CANCELLATION NOTICE: Unfortunately, ProWeb’22 has been cancelled this year. We will be back in 2023 for a new edition of ProWeb.
Full-fledged web applications have become ubiquitous on desktop and mobile devices alike. Whereas “responsive” web applications already offered a more desktop-like experience, there is an increasing demand for “rich” web applications (RIAs) that offer collaborative and even off-line functionality —Google docs being the prototypical example. Long gone are the days that web servers merely had to answer incoming HTTP requests with a block of static HTML. Today’s servers react to a continuous stream of events coming from JavaScript applications that have been pushed to clients. As a result, application logic and data is increasingly distributed. Traditional dichotomies such as “client vs. server” and “offline vs. online” are fading.

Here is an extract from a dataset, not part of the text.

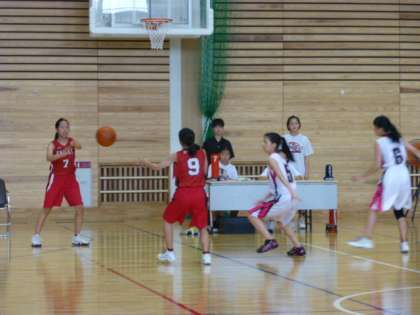 本日9:00より、向島秀蓮小・中学校の体育館で女子バスケットボール部の第1回戦が行われました。対戦相手は会場校の向島秀蓮中学校です。序盤から相手チームの攻撃におされ気味でしたが、粘り強く、最後まであきらめずに戦いました。随所にファインプレーも見られ、大いに盛り上がりました!3年生が一人。あとは2年生と1年生のチームです。ここまで頑張ってきた3年生の最後の試合。熱い闘志を燃やす3年生の思いが伝わってくる試合でした。みんなで力合わせて戦った1戦でした。

The ProWeb’22 workshop is a forum for researchers and practitioners to share and discuss new technology for programming these and future evolutions of the web. We welcome submissions introducing programming technology (i.e., frameworks, libraries, programming languages, program analyses and development tools) for implementing web applications and for maintaining their quality, as well as experience reports about their usage.

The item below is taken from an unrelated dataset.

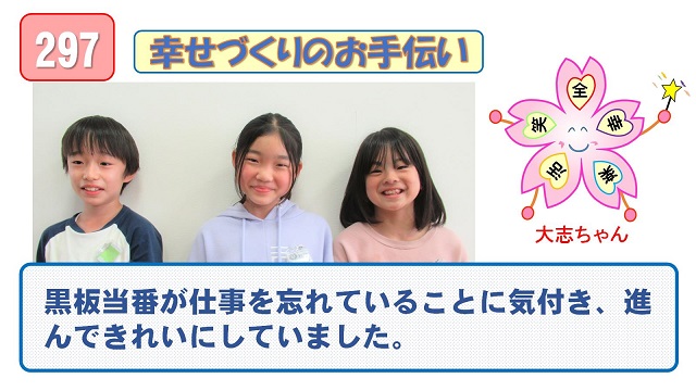 そして、「来年度も、あいさつ日本一の学校を目指し、凡事徹底を意識して、素晴らしい学校にしていきましょう」という内容がありました。

Relevant topics include, but are not limited to:
- Quality on the new web: static and dynamic program analyses, metrics, development tools, automated testing, contract systems, type systems, migration from legacy architectures, web service APIs, API conformance checking, …
- Designing for and hosting novel languages on the web: compilation to JavaScript, WebAssembly, …
- Multi-tier (or tierless) programming: frameworks for isomorphic applications, new languages and runtimes, tier splitting compilers, type systems, …
- Data sharing, replication and consistency: cloud types, CRDTs, eventual consistency, offline storage, peer-to-peer communication, …
- Security on the new web: security policies, policy enforcement, membranes, vulnerability detection, dynamic patching, …
- Surveys and case studies using state-of-the-art web technology (e.g., WebAssembly, WebSockets, Web Storage, Service Workers, Meteor, WebRTC, Angular.js, React and React Native, TypeScript, Proxies, ClojureScript, Amber Smalltalk, Scala.js …)
- Ideas on and experience reports about: how to reconcile the need for quality with the need for agility on the web, how to master and combine the myriad of tier-specific technologies required to develop a web application, …
- Position papers on what the future of the web will look like
Call for Papers
ProWeb 2022: 6th International Workshop on Programming Technology for the Future Web
https://2022.programming-conference.org/track/proweb-2022-papers
Co-located with the
CANCELLATION NOTICE: Unfortunately, ProWeb’22 has been cancelled this year. We will be back in 2023 for a new edition of ProWeb.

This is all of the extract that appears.